Exercise brief ▸ Leave the pictures out and return every line below exactly.

Extracted records ▸
+++

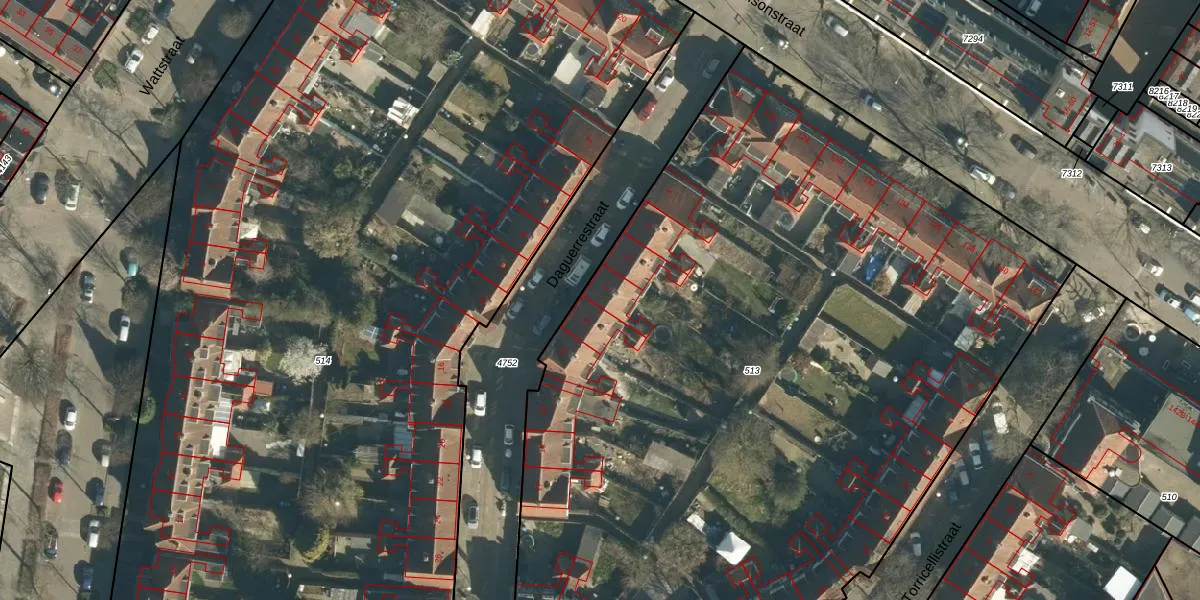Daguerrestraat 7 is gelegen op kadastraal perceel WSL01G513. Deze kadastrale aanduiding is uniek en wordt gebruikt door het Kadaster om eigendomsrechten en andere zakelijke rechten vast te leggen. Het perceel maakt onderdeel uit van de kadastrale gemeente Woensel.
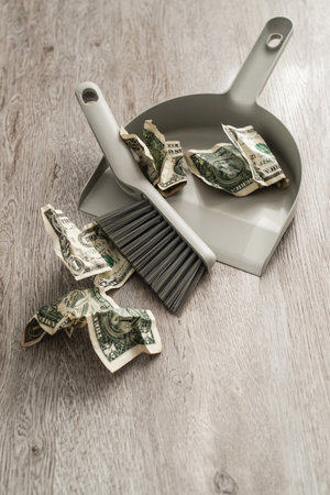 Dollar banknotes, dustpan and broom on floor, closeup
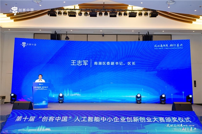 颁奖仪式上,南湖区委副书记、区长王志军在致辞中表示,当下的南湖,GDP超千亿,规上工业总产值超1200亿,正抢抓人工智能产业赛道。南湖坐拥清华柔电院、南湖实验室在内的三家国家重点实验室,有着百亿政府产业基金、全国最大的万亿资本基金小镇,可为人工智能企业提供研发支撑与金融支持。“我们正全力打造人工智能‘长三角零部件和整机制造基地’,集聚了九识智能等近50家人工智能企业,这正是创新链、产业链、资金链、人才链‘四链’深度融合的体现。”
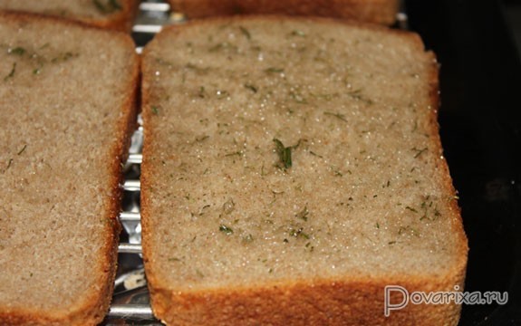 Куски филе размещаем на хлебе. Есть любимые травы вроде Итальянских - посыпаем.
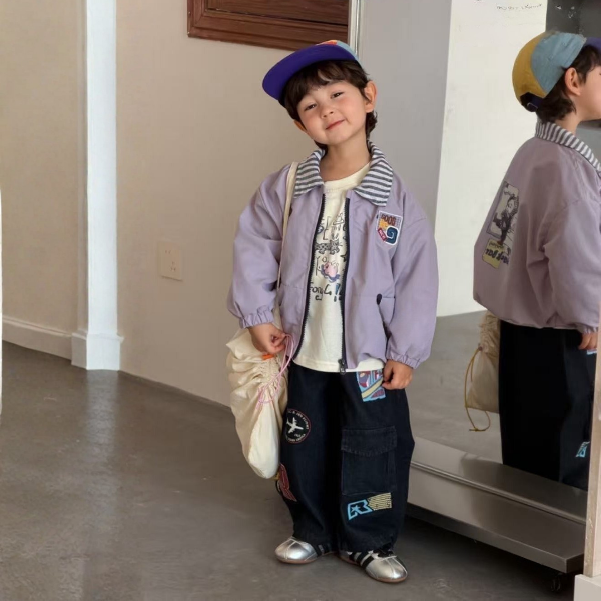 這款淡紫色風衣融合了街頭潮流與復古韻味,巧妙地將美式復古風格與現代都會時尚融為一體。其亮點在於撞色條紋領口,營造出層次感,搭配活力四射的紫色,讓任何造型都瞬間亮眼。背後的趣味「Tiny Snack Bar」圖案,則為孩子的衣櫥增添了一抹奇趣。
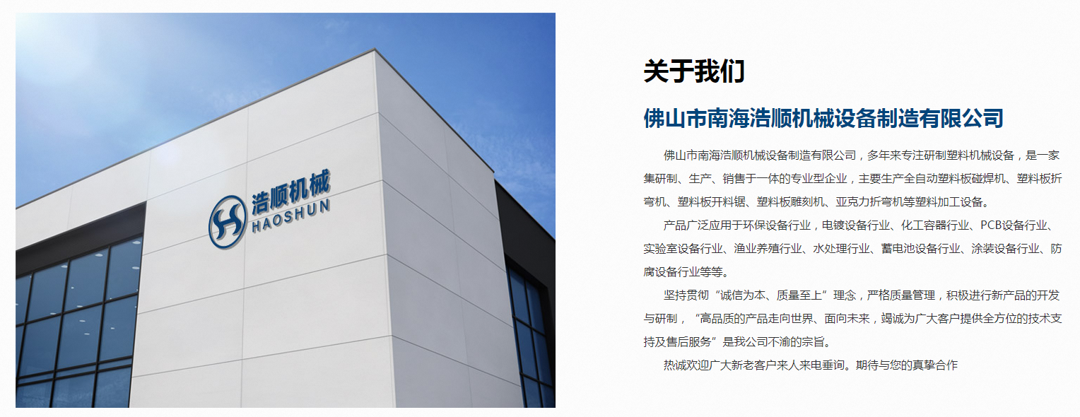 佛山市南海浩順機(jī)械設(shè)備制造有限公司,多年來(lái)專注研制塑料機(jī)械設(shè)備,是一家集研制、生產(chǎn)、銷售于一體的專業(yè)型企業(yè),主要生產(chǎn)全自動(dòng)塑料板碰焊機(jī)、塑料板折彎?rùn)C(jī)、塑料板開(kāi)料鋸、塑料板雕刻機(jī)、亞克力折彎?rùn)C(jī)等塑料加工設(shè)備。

+++

Written answer ▸
Daguerrestraat 7 is gelegen op kadastraal perceel WSL01G513. Deze kadastrale aanduiding is uniek en wordt gebruikt door het Kadaster om eigendomsrechten en andere zakelijke rechten vast te leggen. Het perceel maakt onderdeel uit van de kadastrale gemeente Woensel.
 Dollar banknotes, dustpan and broom on floor, closeup
 颁奖仪式上,南湖区委副书记、区长王志军在致辞中表示,当下的南湖,GDP超千亿,规上工业总产值超1200亿,正抢抓人工智能产业赛道。南湖坐拥清华柔电院、南湖实验室在内的三家国家重点实验室,有着百亿政府产业基金、全国最大的万亿资本基金小镇,可为人工智能企业提供研发支撑与金融支持。“我们正全力打造人工智能‘长三角零部件和整机制造基地’,集聚了九识智能等近50家人工智能企业,这正是创新链、产业链、资金链、人才链‘四链’深度融合的体现。”
 Куски филе размещаем на хлебе. Есть любимые травы вроде Итальянских - посыпаем.
 這款淡紫色風衣融合了街頭潮流與復古韻味,巧妙地將美式復古風格與現代都會時尚融為一體。其亮點在於撞色條紋領口,營造出層次感,搭配活力四射的紫色,讓任何造型都瞬間亮眼。背後的趣味「Tiny Snack Bar」圖案,則為孩子的衣櫥增添了一抹奇趣。
 佛山市南海浩順機(jī)械設(shè)備制造有限公司,多年來(lái)專注研制塑料機(jī)械設(shè)備,是一家集研制、生產(chǎn)、銷售于一體的專業(yè)型企業(yè),主要生產(chǎn)全自動(dòng)塑料板碰焊機(jī)、塑料板折彎?rùn)C(jī)、塑料板開(kāi)料鋸、塑料板雕刻機(jī)、亞克力折彎?rùn)C(jī)等塑料加工設(shè)備。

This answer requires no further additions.